**Extracted records:**
━━━━

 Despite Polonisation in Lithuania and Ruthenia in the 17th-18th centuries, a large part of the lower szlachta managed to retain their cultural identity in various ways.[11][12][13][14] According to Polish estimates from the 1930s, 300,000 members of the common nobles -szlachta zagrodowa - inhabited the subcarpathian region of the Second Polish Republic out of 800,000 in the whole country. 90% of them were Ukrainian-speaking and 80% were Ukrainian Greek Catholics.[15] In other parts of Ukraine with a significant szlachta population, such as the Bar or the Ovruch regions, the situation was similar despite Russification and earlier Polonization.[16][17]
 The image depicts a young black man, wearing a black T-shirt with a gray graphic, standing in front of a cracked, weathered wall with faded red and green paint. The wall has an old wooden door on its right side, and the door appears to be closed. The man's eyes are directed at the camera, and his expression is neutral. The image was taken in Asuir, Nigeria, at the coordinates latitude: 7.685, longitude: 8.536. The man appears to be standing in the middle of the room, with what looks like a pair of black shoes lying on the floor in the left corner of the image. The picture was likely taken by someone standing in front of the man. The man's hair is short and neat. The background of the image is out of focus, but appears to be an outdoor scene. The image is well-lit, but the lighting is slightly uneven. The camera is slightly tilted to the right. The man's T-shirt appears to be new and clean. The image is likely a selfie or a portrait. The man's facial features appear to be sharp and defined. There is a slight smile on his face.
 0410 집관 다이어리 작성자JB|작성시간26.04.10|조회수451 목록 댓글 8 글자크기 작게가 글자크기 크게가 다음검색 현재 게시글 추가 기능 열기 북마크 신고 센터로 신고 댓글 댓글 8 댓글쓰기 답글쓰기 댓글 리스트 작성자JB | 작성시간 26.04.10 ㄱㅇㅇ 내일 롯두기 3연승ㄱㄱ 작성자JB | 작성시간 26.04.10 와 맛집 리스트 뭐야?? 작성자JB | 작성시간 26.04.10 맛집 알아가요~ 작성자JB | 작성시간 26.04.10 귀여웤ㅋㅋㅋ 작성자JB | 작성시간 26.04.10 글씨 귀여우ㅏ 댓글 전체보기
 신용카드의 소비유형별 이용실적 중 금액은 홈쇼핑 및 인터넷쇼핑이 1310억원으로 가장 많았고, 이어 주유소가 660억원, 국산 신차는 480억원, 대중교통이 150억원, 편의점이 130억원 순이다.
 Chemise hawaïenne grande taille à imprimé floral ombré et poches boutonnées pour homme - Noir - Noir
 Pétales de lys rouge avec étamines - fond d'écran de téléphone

━━━━

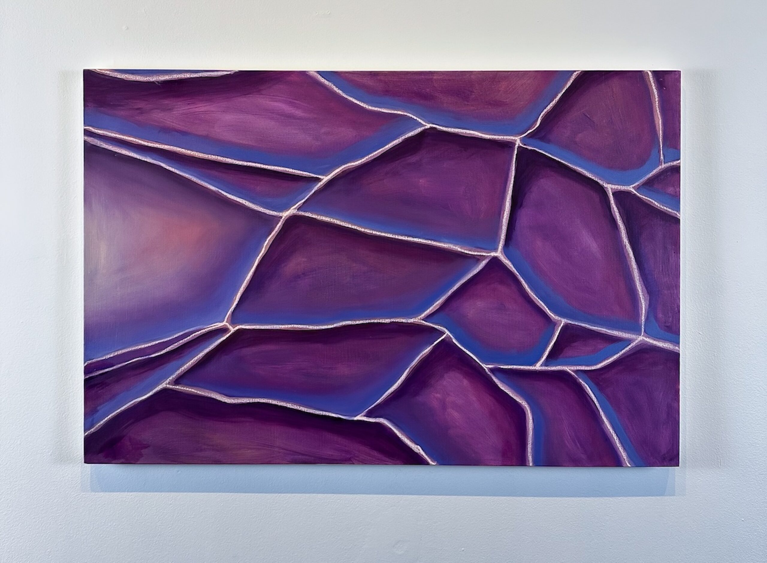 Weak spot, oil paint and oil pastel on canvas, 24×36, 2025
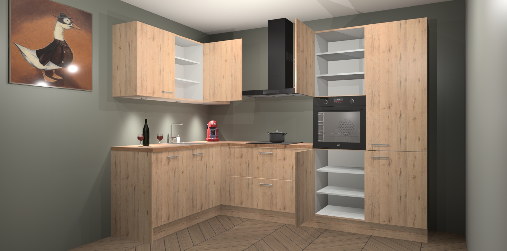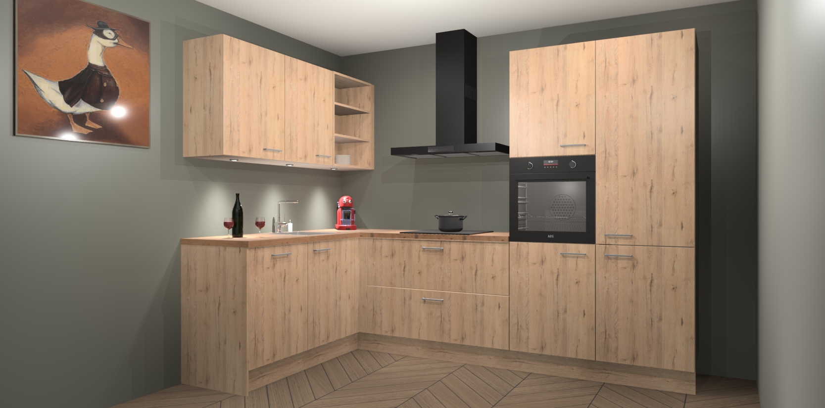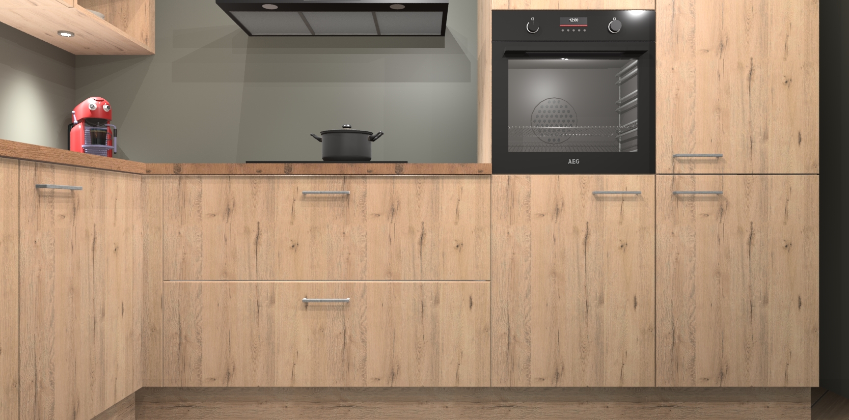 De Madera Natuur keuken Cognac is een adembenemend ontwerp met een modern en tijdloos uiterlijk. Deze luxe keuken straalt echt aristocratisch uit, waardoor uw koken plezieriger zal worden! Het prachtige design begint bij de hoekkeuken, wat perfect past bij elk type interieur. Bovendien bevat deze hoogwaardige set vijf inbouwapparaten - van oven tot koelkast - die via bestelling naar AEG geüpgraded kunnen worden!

━━━━

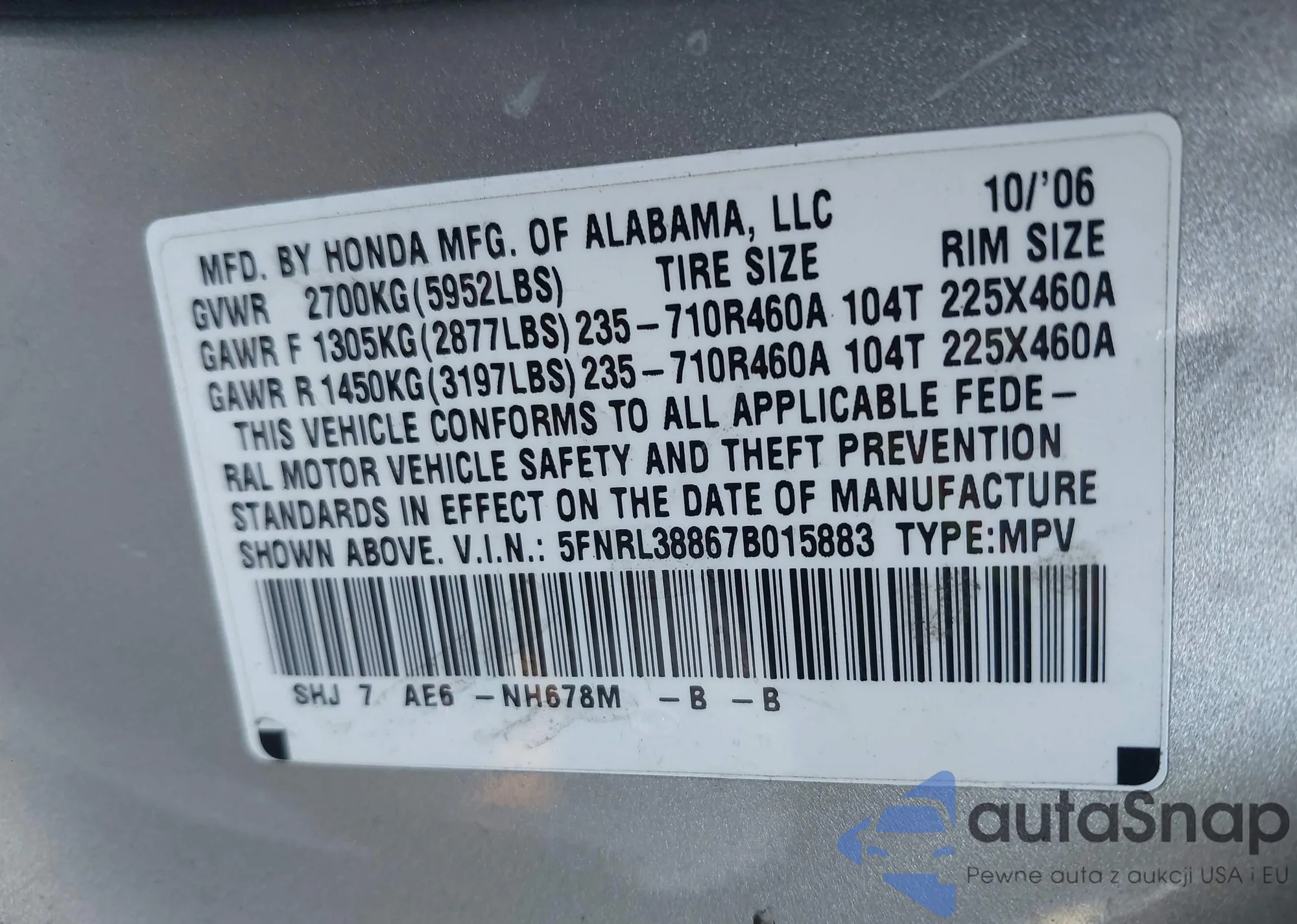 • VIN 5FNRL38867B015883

━━━━

**What is needed:** Return only the lines between the one holding "신용카드의 소비유형별 이용실적" and the one holding "Pétales de lys", inclusive, exactly as they appear above.

**Written response:**
 신용카드의 소비유형별 이용실적 중 금액은 홈쇼핑 및 인터넷쇼핑이 1310억원으로 가장 많았고, 이어 주유소가 660억원, 국산 신차는 480억원, 대중교통이 150억원, 편의점이 130억원 순이다.
 Chemise hawaïenne grande taille à imprimé floral ombré et poches boutonnées pour homme - Noir - Noir
 Pétales de lys rouge avec étamines - fond d'écran de téléphone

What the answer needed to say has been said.